Overgrown plot for throw and mow, need opinions

Charlieyca

Active Member
So I have a 1/2 acre kill plot that last year was brassicas with crimson clover and rye mixed in. The front half canopied and smothered out the rye and clover. The back half had plenty of rye and clover left to grow and make a decent spring plot.

I planned to let this plot become a perennial white clover/chicory plot starting this fall after planting with a nurse crop of rye and red clover. I planned to do throw and mow, but there is a lot of weeds and grass going to seed in parts of it.
option 1) spray asap, spread sorghum, buckwheat and ironclay peas, and then mow. Let that crop become my fall mow down thatch.
option 2) mow, wait a week, spray, then let it go until september for fall planting
option 3) do nothing until september, leave it standing and spray, throw, and mow in september.

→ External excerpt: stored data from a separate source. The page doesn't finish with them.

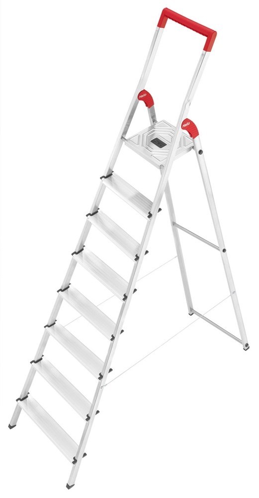 Алюминиевая стремянка Hailo L50 8 ступеней 8150-807 оснащена большой и удобной площадкой с противоскользящим покрытием и высокой дугой безопасности. Фиксатор (крючок) интегрирован в ручку безопасности для удержания банки с краской, ведро с водой, например при чистке окон или для инструментов. Это делает руки свободными, а значит Вы в безопасности - на большой платформе, которая обладает противоскользящим эффектом! Широкие, глубокие алюминиевые ступени с нескользящей поверхностью, шириной 8 см. Съёмные пластиковые противоскользящие ножки. Максимальная грузоподъемность 150 кг.
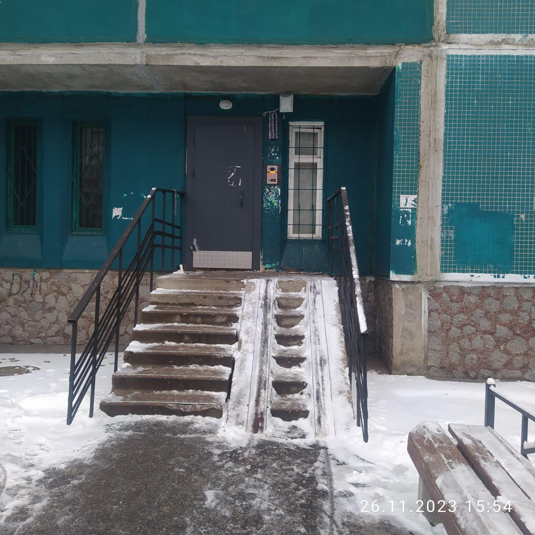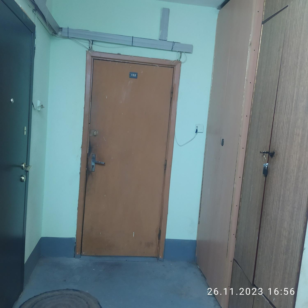 На лестничной площадке отделена часть коридора и установлена дверь на две квартиры, в имеющемся тамбуре установлен шкаф для хранения вещей.
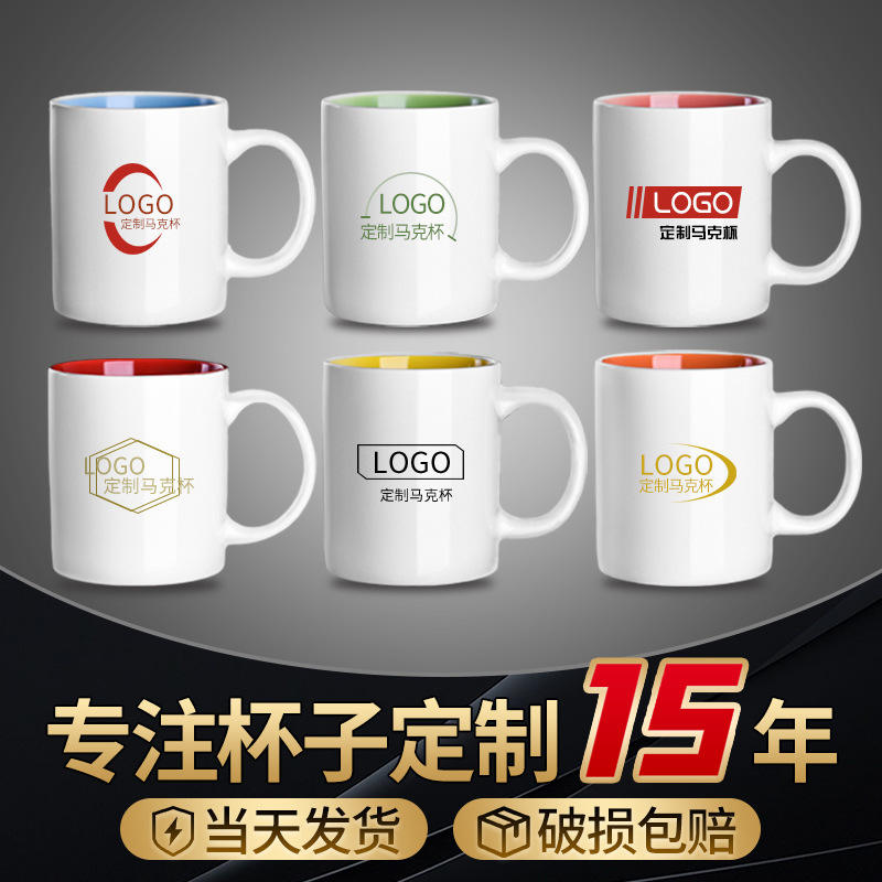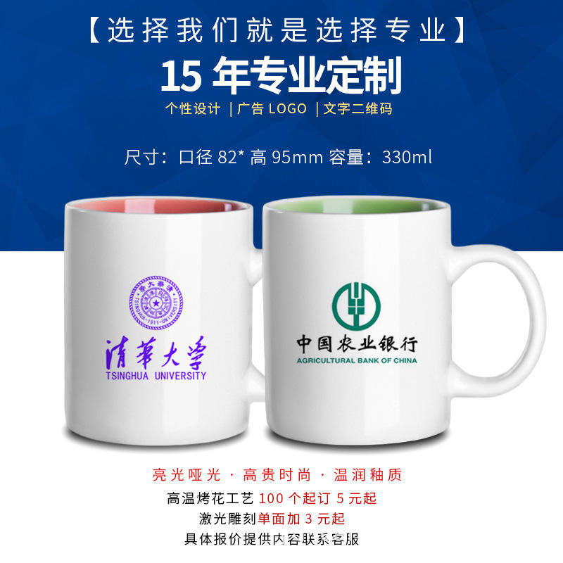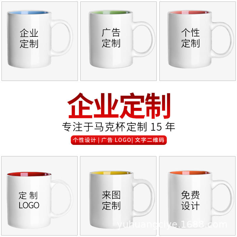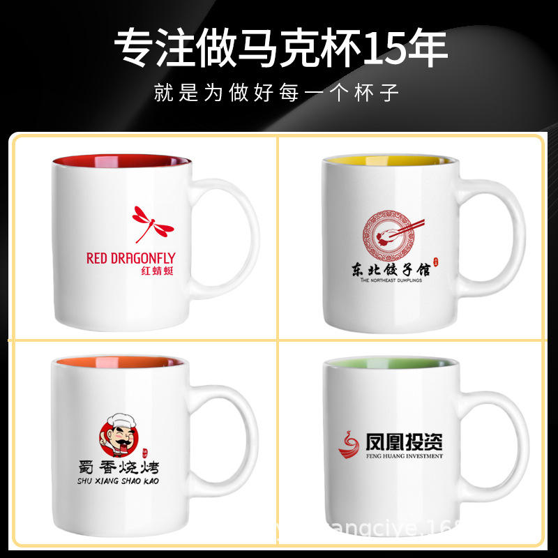แก้วเซรามิกแบบกำหนดเองพร้อมหูจับ 330 มล. สีพื้น พิมพ์โลโก้ สำหรับของขวัญธุรกิจ ขายส่ง
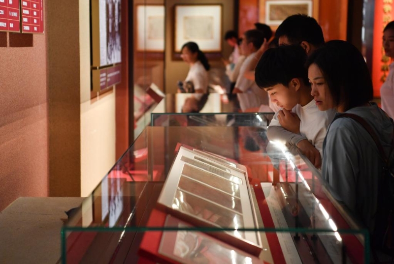 6月30日,觀眾在延安革命紀念館觀看《偉大歷程——中共中央在延安十三年歷史陳列》。新華社記者 張博文 攝

Goal is long term perennial white clover plot surrounded by fruit trees.
Here is the plot. Notice the front half green with weeds, back half is brown rye and dead crimson clover with very little weeds.
enhance
 
Leave and plant the clover in the fall I say. The clover will get good roots in the fall and then boom come spring time. You can also frost seed some clover in the winter months if you have some bare ground to get some really good cover.
 
My first thought is to leave it till Fall, burn it down with a heavy dose of gly and mow the thatch over your clover seed. Fall planting clover is so much more rewarding.
My second thought would be to spray with Cleth and mix in 3/4oz per gal of gly. Wait 7-10 days and throw n mow buckwheat mowing it as high as you can. Buckwheat is your friend and what clover is left will rebound from the light gly mix well enough. Repeat in the Fall applying clover seed heavier in bare spots and use the buckwheat as your thatch.
 
I have a bag of buckwheat leftover, and have been wanting to try sorghum for a dove plot in this area. Any suggestions to mix with buckwheat and sorghum for a summer time plot?
 
You might do the buckwheat in the area with better clover growth and sorghum in the overgrown front half. The sorghum will shade out most anything. The turkeys will love the buckwheat and the doves will love the sorghum. Quite the little bird paradise.
 
Fish started biting and forgot about this plot! looks like it is going to sit fallow until fall or we get some really windy days!
 
Fish started biting and forgot about this plot! looks like it is going to sit fallow until fall or we get some really windy days!
I think waiting is as good an option as any. Sometimes with food plots you can run yourself ragged trying to get in a new planting and on hindsight would've been better off doing nothing. Rule of thumb, starting any seed in midsummer is a gamble, wholly dependent on rain, while established growth (that you would otherwise kill) will continue to provide food and ground cover in dry weather.
 
I'd consider mowing it now after walking every inch of it to flush out any fawns. And then spray it mid August and then throw and mow. This would break some of the weed seeding cycles. I'm in northern NY so the mid August date may not apply to you-don't know.
 
Just finished spraying this plot, went with the wait and see, going to mow it down over seed after this hurricane.